# How to make creamed honey?



## Clayton (Dec 8, 2000)

Hi all,

Just to kick things off on this forum, how do YOU produce creamed honey? What type o honey (s) do you think lend well to the process as far as flavor and granulation?

Clay - who already has an opinion


----------



## swarm_trapper (Jun 19, 2003)

I just did my first batch and I think it turned out good







!!! I took 10pounds of raw honey and mixed in 1 pound of seed and mixed it for 10-15 min. I botteled it and put in a frige for 5 days and It looks good.


----------



## WineMan (May 16, 2003)

Heat one barrel with 1/3 locust, 1/3 basswood and 1/3 thistle to eliminate all granulation.

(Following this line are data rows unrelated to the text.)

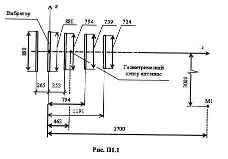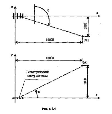 Исходные данные. Техническое средство - антенна, аналогичная рассмотренной в примере 1, при той же мощности излучения и частоте. Требуется рассчитать уровень ЭМП, создаваемого антенной в точке М1 с координатами: х = 10 м, у = 5 м, z = -3 м (см. рис. П1.4). Учитывать влияние металлоконструкций и подстилающей поверхности не требуется.
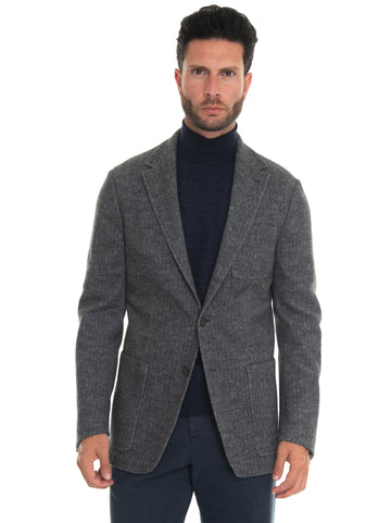 2 buttons jacket, patch pockets, herringbone pattern, model with 2 vents, jacket length 73cm (for...
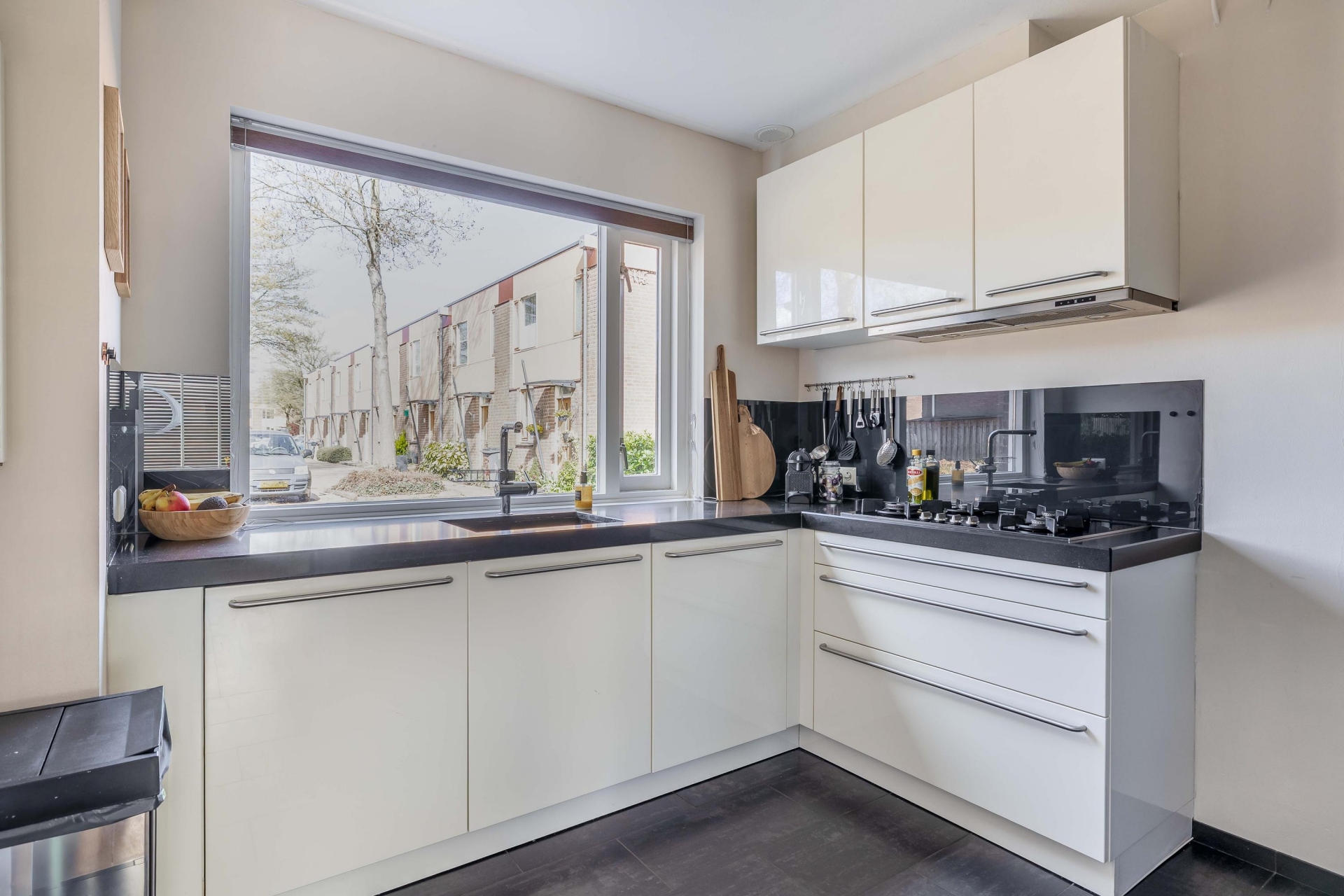 Aan de voorzijde van het huis ligt de dichte keuken. Deze is praktisch ingericht en voorzien van diverse inbouwapparatuur, waardoor je hier alles bij de hand hebt om lekker te koken. Het grote raam zorgt voor prettig lichtinval en een vrij uitzicht op de straat.
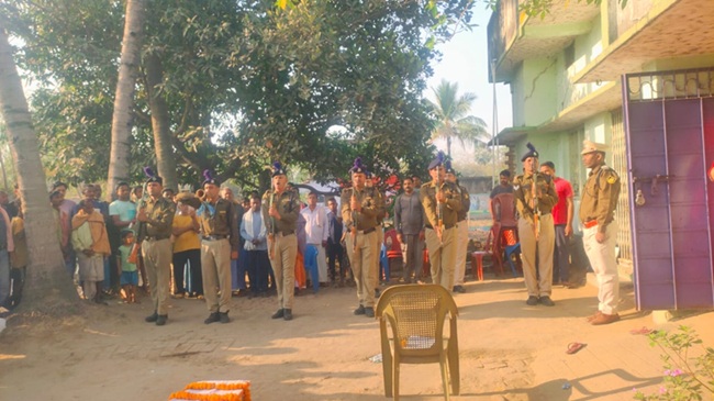 वहीं, शनिवार को उनके पार्थिव शरीर को सीआरपीएफ इंस्पेक्टर किशोर आइनद और जवानों उनके पार्थिव शरीर को लेकर उनके निवास स्थान धूलियार पहुचे जहा गार्ड ऑफ ऑनर देने के पश्चात उनकी पत्नी को तिरंगा झंडा सौंपा गया।
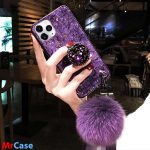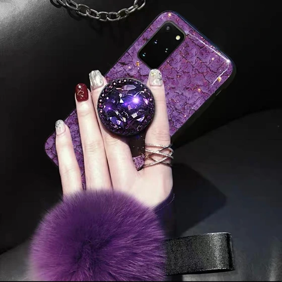 قاب موبایل سامسونگ ماربل پام پام بنفش + پاپ سوکت + پام پام
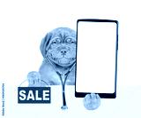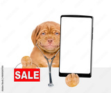 Happy Mastiff puppy wearing like a doctor with stethoscope on his neck showing signboard with labeled "sale" and smartphone with white blank screen in it paw above blank banner. isolated on white
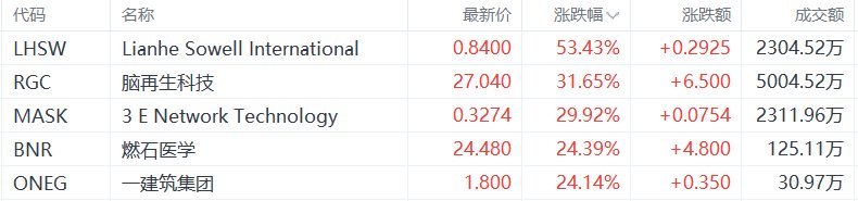 美股异动丨Lianhe Sowell International涨53.43%,为涨幅最大的中概股
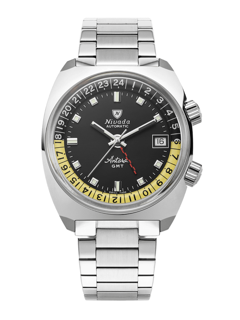 La nouvelle Nivada Grenchen Antarctic GMT revisite l’iconique modèle des années 70, en conservant son caractère rétro tout en l’adaptant aux standards modernes. Ce garde-temps de 36 mm de diamètre et de 11,1 mm d’épaisseur séduit immédiatement par sa présence au poignet, combinant l’esthétique vintage à une taille idéale pour un look élégant et polyvalent. Elle est légère, raffinée et prête à accompagner les voyageurs à travers les fuseaux horaires.

Cool below 75 degrees and seed with 5 gallons starter. Allow to sit until fairly well granulated about 2 weeks and then bottle.


----------



## Clayton (Dec 8, 2000)

What floral types of honey do other like to use for spun honey (creamed)? I like aster (a naturally granulating honey) and clover or basswood.


----------



## BEEn Stung (May 17, 2003)

What is this "seed" you refer to?
Where does it come from??
What does it do ??


------------------
Erwin


----------



## Michael Bush (Aug 2, 2002)

Anytime you add crystalized (granulated) honey to regular honey (seeding it) you set off more granulation. If the crystals are smaller than normal then the granulation is finer and more "creamy" hence the name creamed honey. You can buy seed (fine crystalized honey) for creamed honey from some bee equipment suppliers. Of course you can just buy creamed honey in the grocery store and use it for seed.


----------



## BEEn Stung (May 17, 2003)

That is interesting. I have never even tasted creamed hopney. 
I can buy some, tast it, and if I like it use what is left for seed. Sounds like a winner to me.









------------------
Erwin


----------



## WineMan (May 16, 2003)

to me granulated honey is the best tasting.


----------



## Steve Hamilton (Sep 23, 2002)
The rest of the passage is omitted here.